# Gingeritis 3D and battery life



## dstu03 (Aug 2, 2011)

You can get over 35 hours on a stock battery with this ROM

---

***Mod addition**
If you cannot continue discussing this thread in a respectable manner, then you are breaking the rules. If you notice somebody who is being disrespectful, please use the Report button. This goes for everybody.

-Jaxidian*


----------



## Adrynalyne (Jun 22, 2011)

dstu03 said:


> You can get over 35 hours on a stock battery with this ROM


With the radio and display off the entire time.


----------



## JayrFlow (Jul 29, 2011)

"dstu03 said:


> You can get over 35 hours on a stock battery with this ROM


Man I have no idea how people say stuff like this. "oh I get xx hours on stock battery" I smell bull. Unless you barely use your phone then yes this is possible. But if you got friends you talk, text, IM, FB Chat, on Twitter, then this isn't possible. I tried so many different ways to try to get more than 6 hours on stock battery and I can't ever seem to get it done -__-


----------



## HalosGhost (Jun 29, 2011)

JayrFlow said:


> Man I have no idea how people say stuff like this. "oh I get xx hours on stock battery" I smell bull. Unless you barely use your phone then yes this is possible. But if you got friends you talk, text, IM, FB Chat, on Twitter, then this isn't possible. I tried so many different ways to try to get more than 6 hours on stock battery and I can't ever seem to get it done -__-


With my phone, and heavy to moderate usage, I get about 14 hours stock battery tops. If I have to make a lot of calls, it's around 10. However, that's CM7 with a uV'd kernel and optimized performance settings. I've never had much luck with Sense ROMs when it comes to battery-life.

All the best,

-HG


----------



## dstu03 (Aug 2, 2011)

"Adrynalyne said:


> With the radio and display off the entire time.


WiFi the whole time but the display is not off


----------



## Adrynalyne (Jun 22, 2011)

Pretty much off.

Off and idle.

I can show you a screen cap of 30-35 hours on BAMF Forever too, but you and I both know its minimal usage.


----------



## dstu03 (Aug 2, 2011)

"Adrynalyne said:


> Pretty much off.
> 
> Off and idle.
> 
> I can show you a screen cap of 30-35 hours on BAMF Forever too, but you and I both know its minimal usage.


Never had much luck on bamf for battery life its really stable.
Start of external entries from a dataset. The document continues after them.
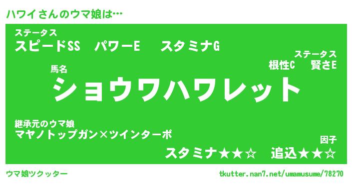| ポケモン風あだ名 | 『ハワチュウ』『ハワイダネ』 |
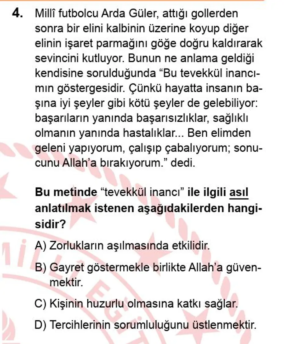 Arda Güler'in meşhur gol sevincinin örnek gösterildiği soruda "tevekkül inancı"na değinildi.
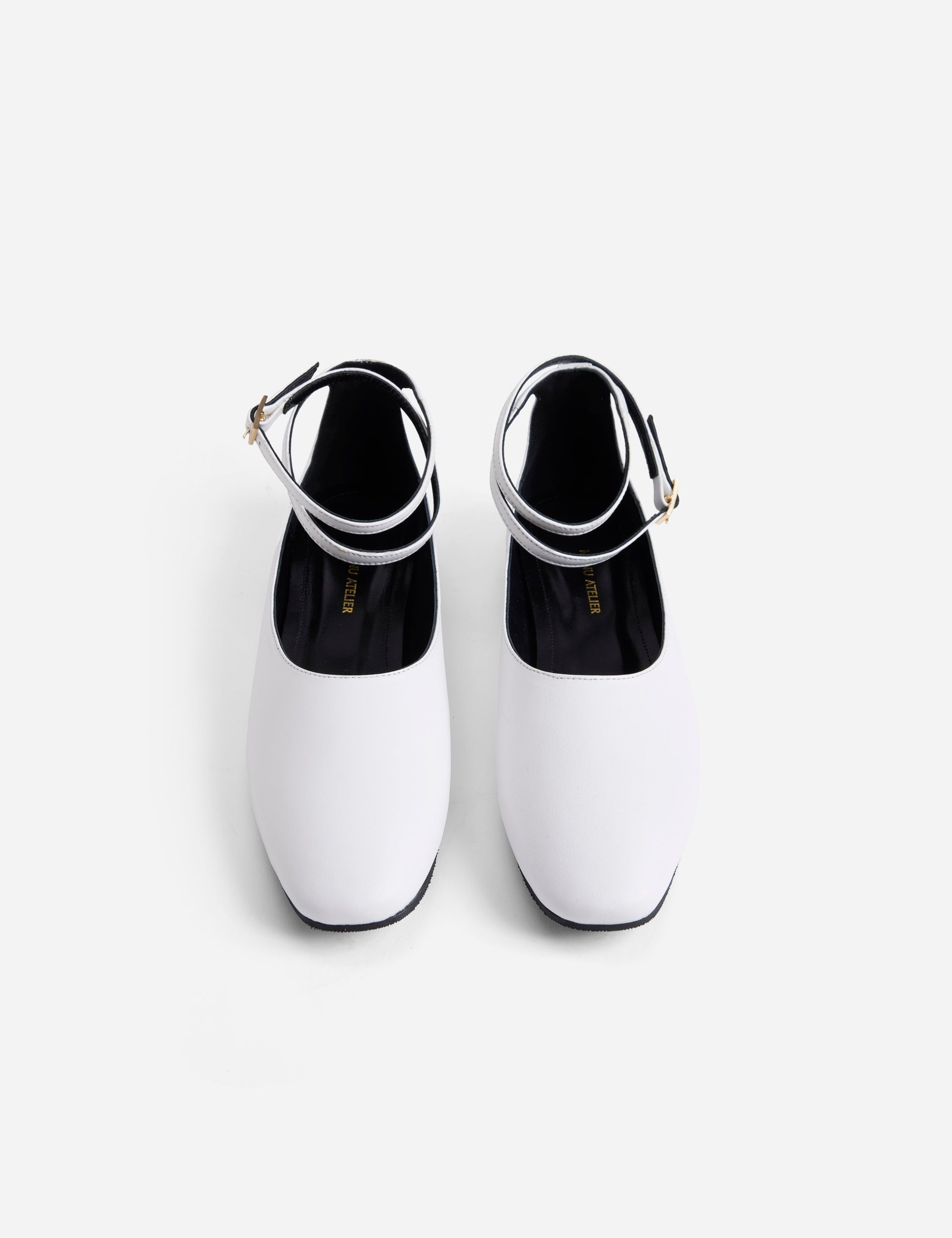 Manu Ballet Flats With Cross Over Ankle Strap White Soft

Back when froyo was the thing I had decent luck on your kernels.


----------



## mkjellgren (Jun 18, 2011)

"dstu03 said:


> WiFi the whole time but the display is not off


Dude, we get it. You like chingys rom, you don't need to take up every other post in this thread with one liners about how chingy is the best and how his roms are soooo much better than everyone else's. It simply isn't true. Different roms run differently for everyone depending on their usage and slight differences in individual phones. Apparently chingys run well for you. Great, but don't force it down our throats.


----------



## dstu03 (Aug 2, 2011)

"mkjellgren said:


> Dude, we get it. You like chingys rom, you don't need to take up every other post in this thread with one liners about how chingy is the best and how his roms are soooo much better than everyone else's. It simply isn't true. Different roms run differently for everyone depending on their usage and slight differences in individual phones. Apparently chingys run well for you. Great, but don't force it down our throats.
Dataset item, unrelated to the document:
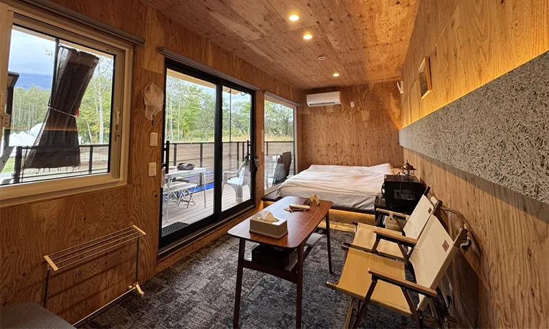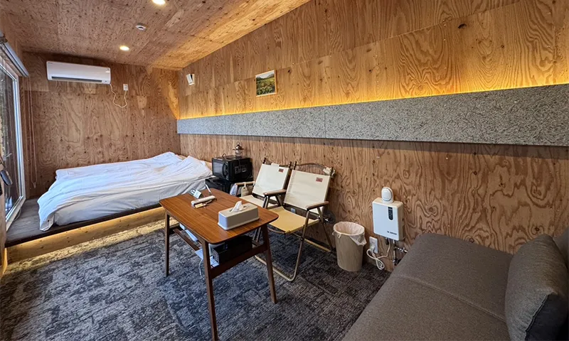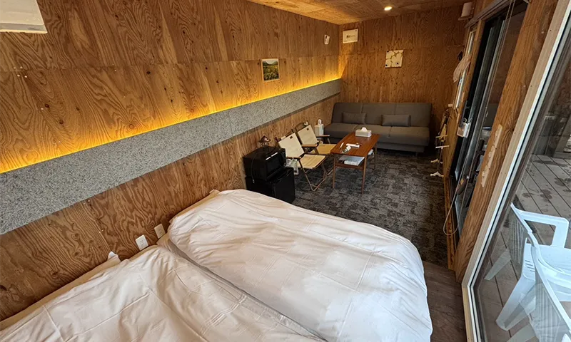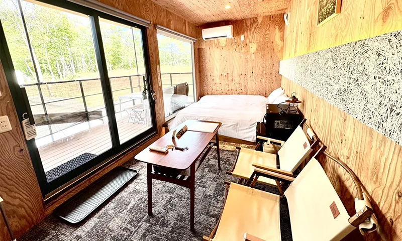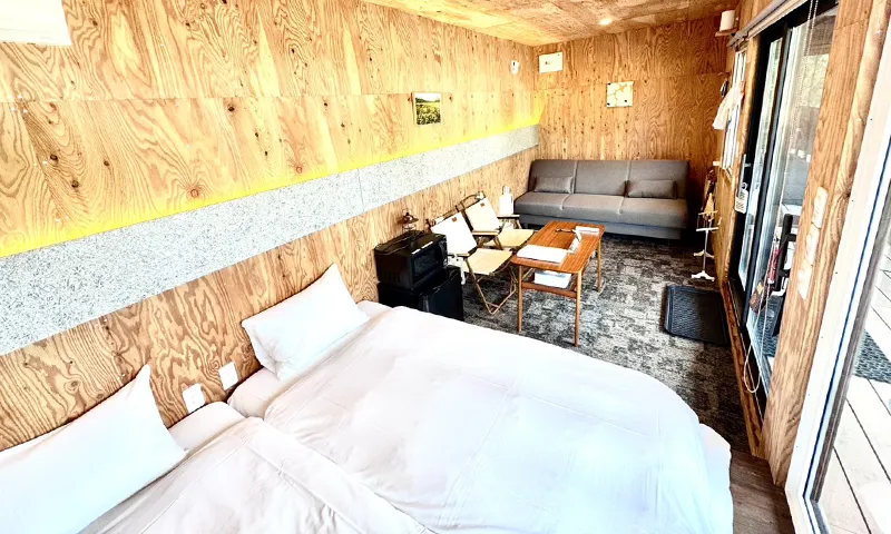| コテージ室内 | シングルベッド2つ ソファーベッド1つ エアコン/FFヒーター/ミニ冷凍・冷蔵庫/電子レンジテーブル/屋内用折り畳みイス3脚/ティッシュ/ミニランタン/ブルートゥーススピーカー/双眼鏡/無線Wi-Fi/ |

Never knocked anyone else's ROM buddy and I can't force you to flash anything so I don't see how I am forcing this on you


----------



## sloan (Jul 29, 2011)

With the exception of bamf rc4.9, I easily get 10+ hours of normal use from stock battery. For some reason, battery life sucked on rc4.9. Battery life on bamf forever is great and probably close to battery life on gingerites. Gingerites may have slightly better battery life but I went to bamf forever because nfl mobile didn't work on gingerites.


----------



## jr4000watts90 (Aug 7, 2011)

dstu03 said:


> You can get over 35 hours on a stock battery with this ROM


i seriously call bull. pics please.

like Adrynalyne said with radio and screen off yes but if your like me always texting, fb, emails, web games etc. then i can promise you you wont see 15+ hours on stock battery.


----------



## ziggy484 (Aug 4, 2011)

"dstu03 said:


> You can get over 35 hours on a stock battery with this ROM


Uhhh, yeah, I don't think so.


----------



## dstu03 (Aug 2, 2011)

Give me another 26 hours and I will


----------



## Adrynalyne (Jun 22, 2011)

Screencaps are easy to come by. How do you plan on showing usage besides mostly idle?


----------



## skaforey (Aug 1, 2011)

"Adrynalyne said:


> Screencaps are easy to come by. How do you plan on showing usage besides mostly idle?


A screenshot of the display details (time the screen is on) should be good enough


----------



## turnyface (Jun 29, 2011)

"dstu03 said:


> You can get over 35 hours on a stock battery with this ROM


Bullsh!t. How much is chingy paying you?


----------



## mkjellgren (Jun 18, 2011)

"turnyface said:


> Bullsh!t. How much is chingy paying you?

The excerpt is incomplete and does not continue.